How to store open science data for long term archival and reproducibility?

Zenodo

We extensively use Zenodo. The default file size limit is 50GB.

If the data package is <50GB, push it to Zenodo.
If the data package is slightly > 50GB, use a better compression algorithm, such as xz, and push it to Zenodo.
If the data is lower <200GB, you formally ask for an extension at Zenodo, up to 200GB, see https://zenodo.org/records/10041883 for example.
If the data is >200GB, you split the reproduction package in smaller 50GB chunks using Unix split command (recommended, see below), see https://github.com/ASSERT-KTH/VRepair/ for example.

Useful tool:

zenodo_upload.sh allows to upload files on the comman line (instead of the browser UI)

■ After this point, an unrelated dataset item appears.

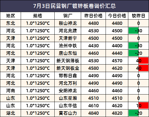 • 7月3日民营钢厂镀锌板卷调价汇总

Use /bin/split (and not zipsplit).

To unzip fast, one must avoid writing to disk so one unzips from standard input

# cat split zip
$ cat *.zip.* | busybox unzip -

Use the -v option (v is for volume) to split the archive into chunks. 7z -v option supports b k m g (bytes, kilobytes, megabytes, gigabytes)

Example: 7z -v50G a my_zip.7z my_folder/

We cannot use KTH OneDrive because all links expire after 180 days.
KTH has a working group "Research Data", see https://www.kth.se/en/biblioteket/publicera-analysera/hantera-forskningsdata
Figshare max size is 20GB.
IEEE DataPort
- Accepts and stores datasets up to 2TB in size.
- We never used it so far. Martin tried a canary in Feb 24, with no success, the submission website is primitive.
- Open Access Dataset $1,950. Is that a joke?
- Upload from command line, see https://ieee-dataport.org/help/upload-your-files-directly-ieee-dataport-s3-bucket
OSF
- Done by the Center for Open Science
- Max size is 50GB for public projects (ref)